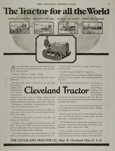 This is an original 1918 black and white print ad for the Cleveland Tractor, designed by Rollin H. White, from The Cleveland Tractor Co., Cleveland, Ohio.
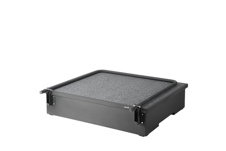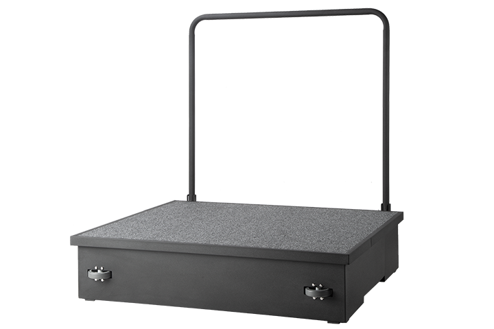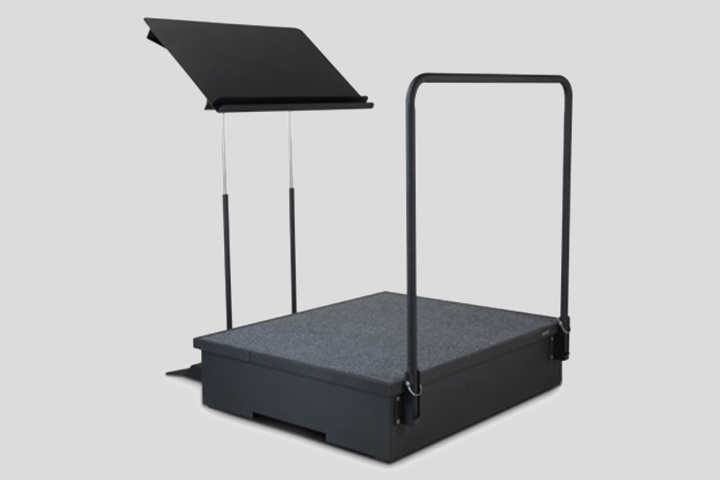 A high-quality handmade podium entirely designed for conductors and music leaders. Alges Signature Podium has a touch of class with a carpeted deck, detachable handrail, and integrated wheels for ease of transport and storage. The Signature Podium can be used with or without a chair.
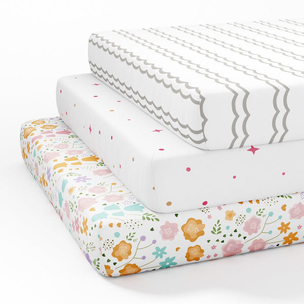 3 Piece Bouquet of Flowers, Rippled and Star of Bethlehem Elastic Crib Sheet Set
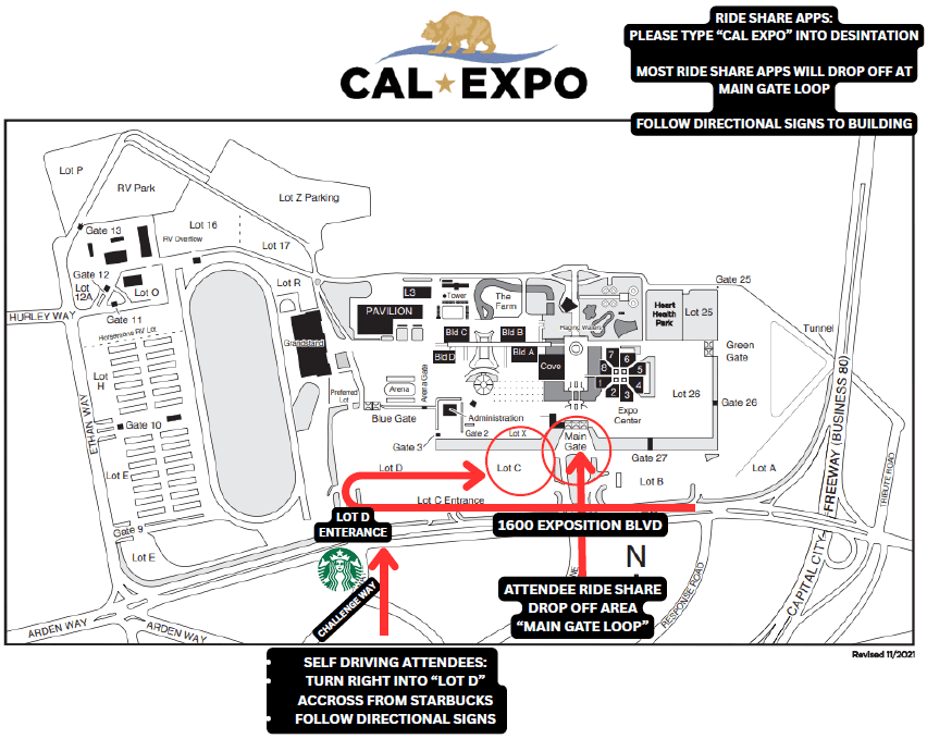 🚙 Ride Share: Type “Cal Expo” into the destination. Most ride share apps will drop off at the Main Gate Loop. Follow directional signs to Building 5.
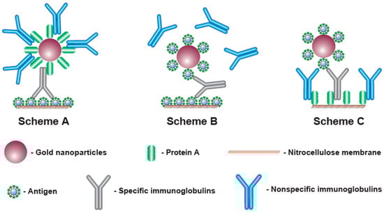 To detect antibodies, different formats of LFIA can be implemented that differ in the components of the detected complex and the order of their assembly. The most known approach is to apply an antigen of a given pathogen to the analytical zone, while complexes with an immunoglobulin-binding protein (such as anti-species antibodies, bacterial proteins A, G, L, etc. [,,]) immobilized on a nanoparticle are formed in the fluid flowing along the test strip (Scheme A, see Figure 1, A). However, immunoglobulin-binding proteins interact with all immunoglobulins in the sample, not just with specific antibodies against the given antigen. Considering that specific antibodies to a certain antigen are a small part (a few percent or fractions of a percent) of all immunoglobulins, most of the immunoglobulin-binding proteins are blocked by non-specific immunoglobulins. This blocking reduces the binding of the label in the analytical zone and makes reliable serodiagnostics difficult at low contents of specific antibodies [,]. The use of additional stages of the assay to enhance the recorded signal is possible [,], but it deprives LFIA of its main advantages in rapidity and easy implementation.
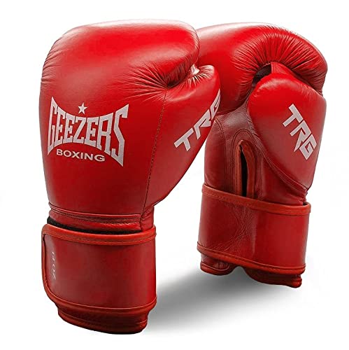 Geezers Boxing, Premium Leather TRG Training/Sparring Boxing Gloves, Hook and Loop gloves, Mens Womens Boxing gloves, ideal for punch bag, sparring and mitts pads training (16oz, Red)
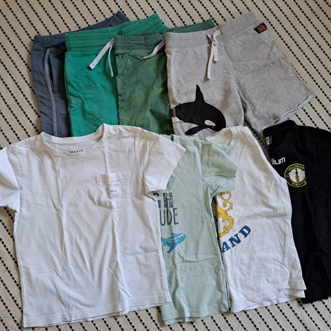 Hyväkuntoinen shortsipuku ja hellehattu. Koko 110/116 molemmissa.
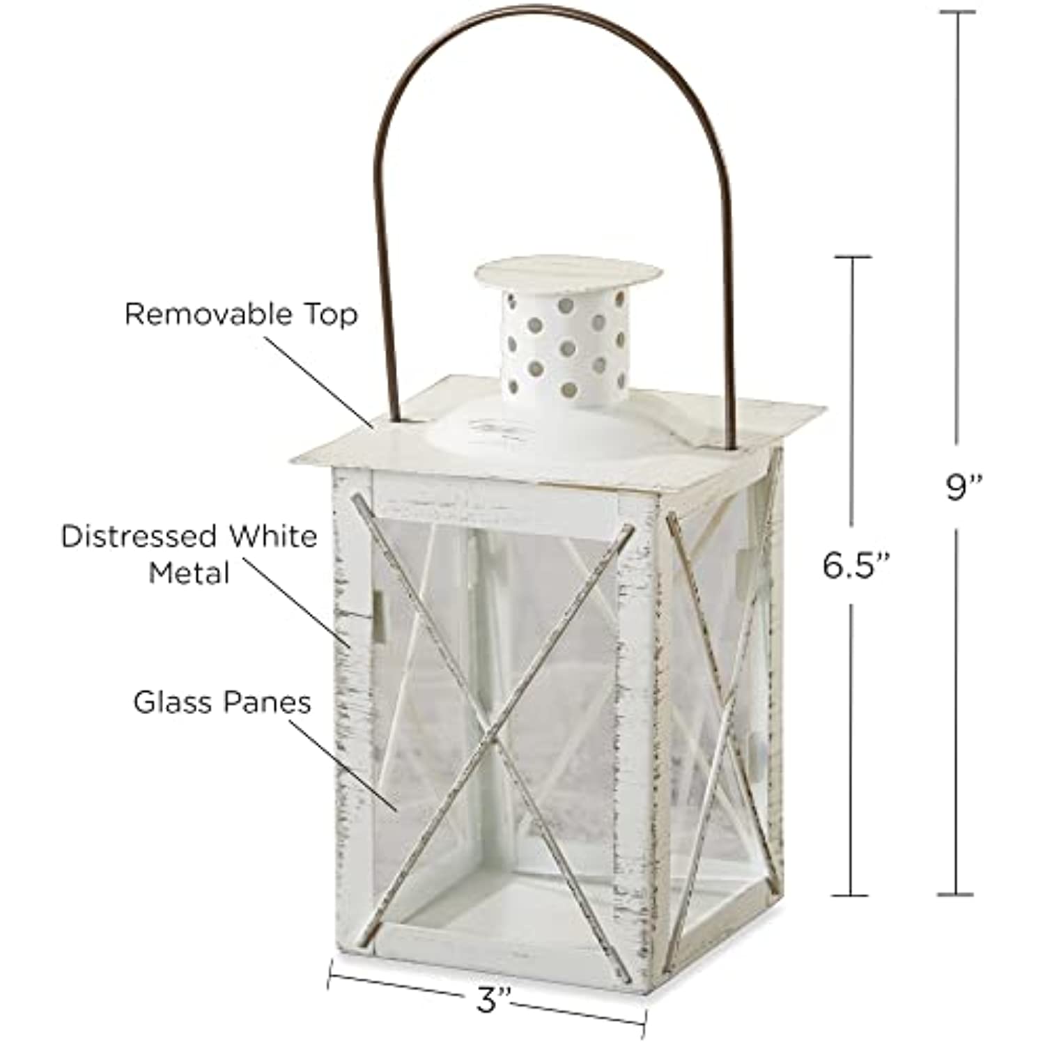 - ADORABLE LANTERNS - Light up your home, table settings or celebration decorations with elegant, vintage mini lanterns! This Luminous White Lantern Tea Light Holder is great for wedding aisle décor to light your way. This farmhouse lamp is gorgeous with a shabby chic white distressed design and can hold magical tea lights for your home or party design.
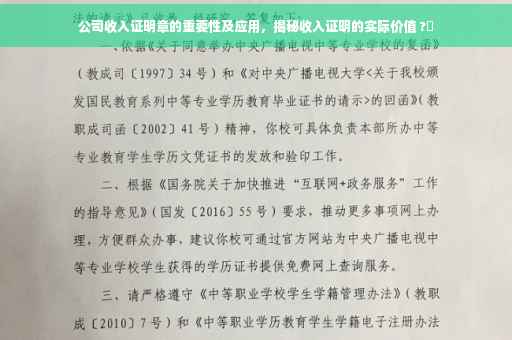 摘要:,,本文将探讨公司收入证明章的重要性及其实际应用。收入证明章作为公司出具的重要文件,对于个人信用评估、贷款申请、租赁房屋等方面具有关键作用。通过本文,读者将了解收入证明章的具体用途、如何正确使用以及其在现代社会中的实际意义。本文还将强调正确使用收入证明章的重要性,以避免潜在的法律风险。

===

The answer is the lines above, word for word, from the first one through the one containing "to Building 5."; it includes no pictures.

 This is an original 1918 black and white print ad for the Cleveland Tractor, designed by Rollin H. White, from The Cleveland Tractor Co., Cleveland, Ohio.
 A high-quality handmade podium entirely designed for conductors and music leaders. Alges Signature Podium has a touch of class with a carpeted deck, detachable handrail, and integrated wheels for ease of transport and storage. The Signature Podium can be used with or without a chair.
 3 Piece Bouquet of Flowers, Rippled and Star of Bethlehem Elastic Crib Sheet Set
 🚙 Ride Share: Type “Cal Expo” into the destination. Most ride share apps will drop off at the Main Gate Loop. Follow directional signs to Building 5.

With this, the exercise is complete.